父親はアフリカ系のフランス人で、その姓をキノームといった。『鬼乃目』という漢字を当てていたのは、いずれ日本国籍を取って帰化するつもりだったからだという。
父親は真悠の母をその母国ごと愛していたらしい。
「キノメの『キ』は『木』ではだめなの?」と聞いた母に父はこう答えたという。
「鬼という字は日本では強さを表す。世界を見渡せる強き目を持った一族の祖になりたい」
真悠の名前の元になった「マーユ」という音は、父親の出身部族の古い言葉で樹木の精霊を表すという話だった。

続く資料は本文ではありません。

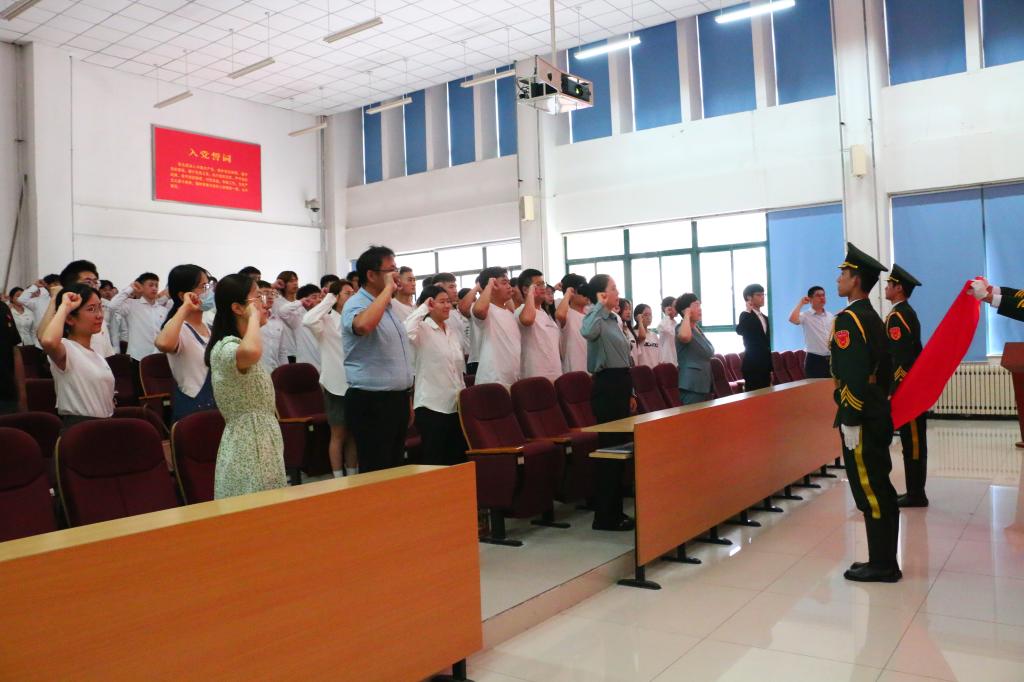 “我志愿加入中国共产党,拥护党的纲领,遵守党的章程……为共产主义奋斗终身,随时准备为党和人民牺牲一切,永不叛党!”在领誓人的领誓下,全体预备党员举起右手,握拳过肩,面向党旗庄严宣誓,许下为共产主义奋斗终身的铮铮誓言。
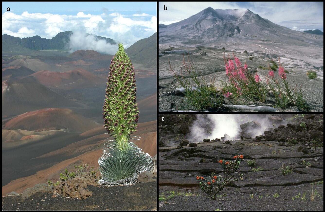 Earth Day (https://www.earthday.org/) was first established on April 22, 1970, to raise awareness of some of the harmful effects industrialization was having on the environment. It has since become the largest secular observance on the planet. Participating in Earth Day (https://www.earthday.org/take-action-now/) can be as simple as remembering to turn off the light when you leave a room or as involved as advocating for legislative change. Many people use Earth Day as an opportunity to educate themselves on their own personal carbon footprint (https://www3.epa.gov/carbon-footprint-calculator/). But have you ever thought about how natural events influence environmental change? For example, you probably won’t see any thriving vegetation immediately following a volcanic eruption. Depending on the scale of the eruption, the surrounding flora and fauna have probably been devastated by some combination of ash, volcanic gas, lava, or lahars. The resulting landscape seems inhospitable at first, but over time the volcanic deposits break down and release nutrients on which plants thrive. On the windward and wet east side of the Island of Hawai‘i, the substantial rainfall drives faster rates of plant growth, meaning the region can go from a barren and young lava flow to a thriving rainforest in under 150 years! Volcanic influence isn’t limited to the nearby ground surface. Ash plumes from large explosive eruptions can temporarily block out the sun, turning the clearest day into the darkest night. The darkness can last from hours to days, or until most of the ash particles make their way back down to Earth’s surface. However, the smallest particles remain suspended high in the atmosphere, carried by wind currents for thousands of kilometers or miles. You can think of these particles as trillions of tiny mirrors reflecting solar radiation back into space. Sulfur dioxide, a volcanic gas, combines with water droplets in the atmosphere and blocks solar radiation in the same way. Large volcanic eruptions can block so much solar radiation in this way that they briefly impact the climate. The 1883 eruption of Krakatoa in Indonesia, one of the largest eruptions in recent history, plunged the region into total darkness for two and a half days and lowered global temperature for five years. An even larger eruption from Mount Tambora in 1815 resulted in “the year without summer” across Europe and North America. However, global cooling brought on by volcanic eruptions is only temporary and isn’t a solution to the current climate change crisis our planet is currently experiencing. Volcanoes also regularly emit greenhouse gases into the atmosphere, but it is unlikely that we would notice any significant rise in global temperatures due to a single volcanic eruption. For that, we’d have to look back millions of years to volcanic events like those that created the Siberian Traps. These were large-scale eruptions that spanned millions of years and spewed enormous amounts of lava across Siberia. The resulting lava flows are known as flood basalts. They are made up of numerous and extensive lava flows stacked on one another. Flood basalt flows are very fluid and travelled very far from their source vents. The Siberian Traps eruption caused the largest identified mass extinction event on Earth. Emissions of volcanic gases were a major contribution to the extinction event, but the magma also ignited huge underground coal deposits that released vast amounts of carbon dioxide (CO2) and other greenhouse gases. Sound familiar? Today, human activities annually produce more than 100 times the greenhouse gas emissions than global volcanism (https://www.usgs.gov/programs/VHP/volcanoes-can-affect-climate). In other words, Mount St. Helens would have to erupt over 3,500 times a year to match human CO2 emissions. So, do volcanoes influence our local environment and global climate? Absolutely! But we shouldn't blame them for or rely on them to solve our current climate woes. This Earth Day, April 22, whether you are admiring the eruption glow from Halema‘uma‘u at the summit of Kīlauea or just remembering to turn off the light when you leave a room, we hope you take a moment to appreciate planet Earth. --- Volcano Watch is a weekly article and activity update written by U.S. Geological Survey Hawaiian Volcano Observatory scientists and affiliates. --- Images and captions from USGS: a) Haleakalā Silversword growing on the edge of Haleakalā Crater (approximately 410–530 years post-eruption). Photo by Paul Krushelnycky. b) Fireweed growing on the slopes of Mount St. Helens (five years post-eruption). Photo by Lyn Topinka. c) A blooming ‘ōhi‘a tree growing on what used to be the Kīlauea Iki lava lake (56 years post-eruption). Photo by Nate Yuen

もっともその部族出身の者でさえ、その言葉を知っている者はもうほとんどいないほど古い言葉だ……とも言っていたという。
そんな真悠の肌の色は浅黒い。
なににせよ鬼乃目家は貧困の中にいた。
真悠がコンテストに出るのは、それで実績を作るためであり、時に獲得できる賞金を家計の足しにするためだということだった。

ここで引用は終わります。